*Dataset records:*
__________________________________________________
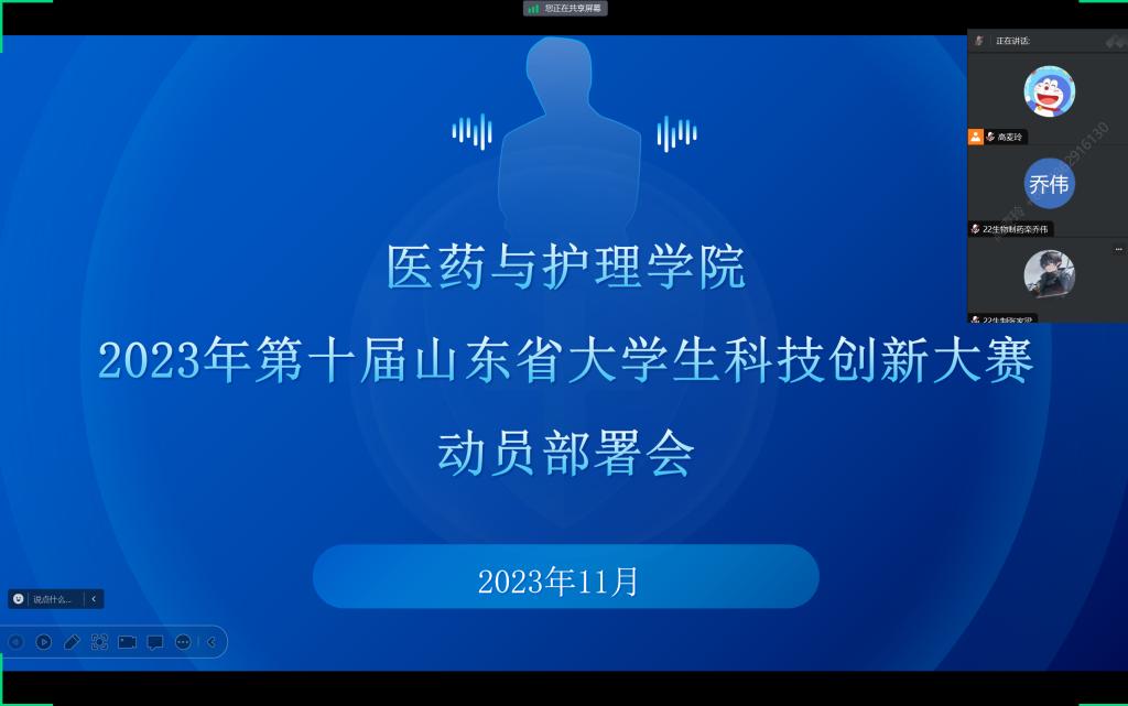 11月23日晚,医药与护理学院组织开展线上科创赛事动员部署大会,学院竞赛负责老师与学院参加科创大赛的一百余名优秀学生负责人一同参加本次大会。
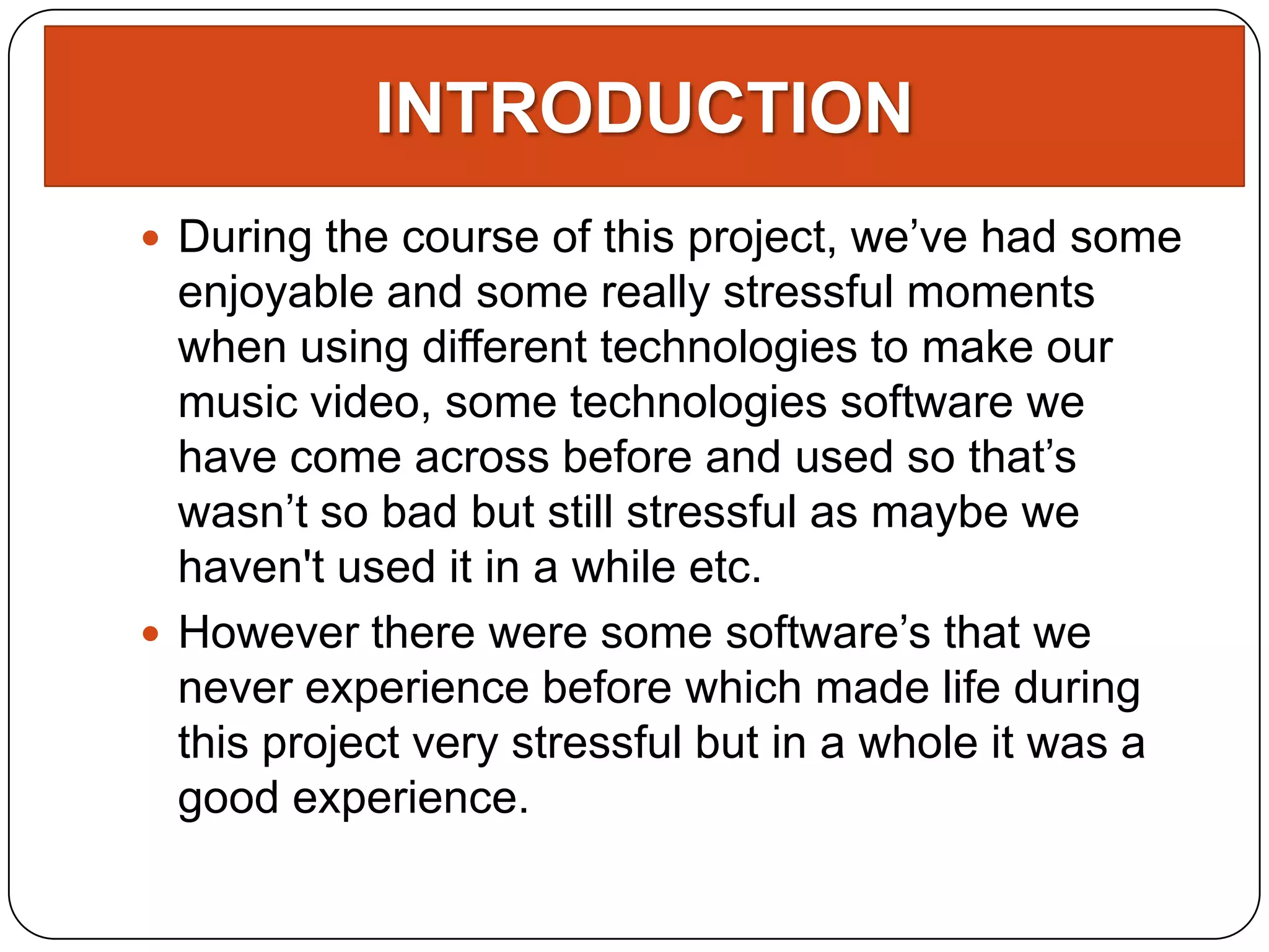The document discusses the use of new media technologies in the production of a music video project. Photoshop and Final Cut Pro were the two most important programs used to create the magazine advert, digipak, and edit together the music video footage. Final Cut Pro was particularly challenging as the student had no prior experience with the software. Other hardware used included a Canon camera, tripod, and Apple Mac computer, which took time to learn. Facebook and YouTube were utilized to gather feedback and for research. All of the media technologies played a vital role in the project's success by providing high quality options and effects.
__________________________________________________
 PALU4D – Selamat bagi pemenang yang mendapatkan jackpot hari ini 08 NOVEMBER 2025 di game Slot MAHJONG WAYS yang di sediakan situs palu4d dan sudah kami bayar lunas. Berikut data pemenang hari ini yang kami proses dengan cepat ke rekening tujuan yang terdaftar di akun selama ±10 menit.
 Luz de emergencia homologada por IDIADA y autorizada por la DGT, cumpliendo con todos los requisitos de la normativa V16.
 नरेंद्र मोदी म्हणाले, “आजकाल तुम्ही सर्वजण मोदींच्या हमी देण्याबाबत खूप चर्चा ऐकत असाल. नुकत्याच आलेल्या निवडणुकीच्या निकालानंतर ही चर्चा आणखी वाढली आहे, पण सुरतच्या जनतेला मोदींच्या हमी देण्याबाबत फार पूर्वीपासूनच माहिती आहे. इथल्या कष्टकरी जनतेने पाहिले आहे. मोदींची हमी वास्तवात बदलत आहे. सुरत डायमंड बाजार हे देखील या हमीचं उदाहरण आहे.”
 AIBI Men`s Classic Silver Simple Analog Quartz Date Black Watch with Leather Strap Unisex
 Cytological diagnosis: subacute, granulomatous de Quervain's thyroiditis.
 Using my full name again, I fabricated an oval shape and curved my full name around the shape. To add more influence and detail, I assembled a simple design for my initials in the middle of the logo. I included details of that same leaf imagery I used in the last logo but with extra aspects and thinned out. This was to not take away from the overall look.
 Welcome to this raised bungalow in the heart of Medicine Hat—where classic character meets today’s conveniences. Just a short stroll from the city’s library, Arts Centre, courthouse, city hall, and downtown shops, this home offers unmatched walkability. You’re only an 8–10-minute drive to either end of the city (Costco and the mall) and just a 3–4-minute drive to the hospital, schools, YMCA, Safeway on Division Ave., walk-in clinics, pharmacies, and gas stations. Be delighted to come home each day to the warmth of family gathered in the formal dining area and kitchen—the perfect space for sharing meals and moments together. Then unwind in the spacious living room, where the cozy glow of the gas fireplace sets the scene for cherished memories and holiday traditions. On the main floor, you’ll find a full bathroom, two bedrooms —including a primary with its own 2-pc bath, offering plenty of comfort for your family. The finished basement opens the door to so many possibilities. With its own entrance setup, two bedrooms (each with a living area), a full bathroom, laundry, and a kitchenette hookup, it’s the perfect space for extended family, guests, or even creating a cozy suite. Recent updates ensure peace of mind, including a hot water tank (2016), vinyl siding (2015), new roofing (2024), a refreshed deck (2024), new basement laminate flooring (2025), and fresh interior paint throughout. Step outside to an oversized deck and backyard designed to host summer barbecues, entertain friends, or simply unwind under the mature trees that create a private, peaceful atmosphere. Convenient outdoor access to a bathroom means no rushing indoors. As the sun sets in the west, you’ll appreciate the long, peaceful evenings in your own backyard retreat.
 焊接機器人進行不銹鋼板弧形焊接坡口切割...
__________________________________________________
*What you should do:*
Using the data above, reproduce exactly the lines from the line that contains "तुम्ही सर्वजण मोदींच्या" through the line that contains "Using my full", including both.

*Reply:*
 नरेंद्र मोदी म्हणाले, “आजकाल तुम्ही सर्वजण मोदींच्या हमी देण्याबाबत खूप चर्चा ऐकत असाल. नुकत्याच आलेल्या निवडणुकीच्या निकालानंतर ही चर्चा आणखी वाढली आहे, पण सुरतच्या जनतेला मोदींच्या हमी देण्याबाबत फार पूर्वीपासूनच माहिती आहे. इथल्या कष्टकरी जनतेने पाहिले आहे. मोदींची हमी वास्तवात बदलत आहे. सुरत डायमंड बाजार हे देखील या हमीचं उदाहरण आहे.”
 AIBI Men`s Classic Silver Simple Analog Quartz Date Black Watch with Leather Strap Unisex
 Cytological diagnosis: subacute, granulomatous de Quervain's thyroiditis.
 Using my full name again, I fabricated an oval shape and curved my full name around the shape. To add more influence and detail, I assembled a simple design for my initials in the middle of the logo. I included details of that same leaf imagery I used in the last logo but with extra aspects and thinned out. This was to not take away from the overall look.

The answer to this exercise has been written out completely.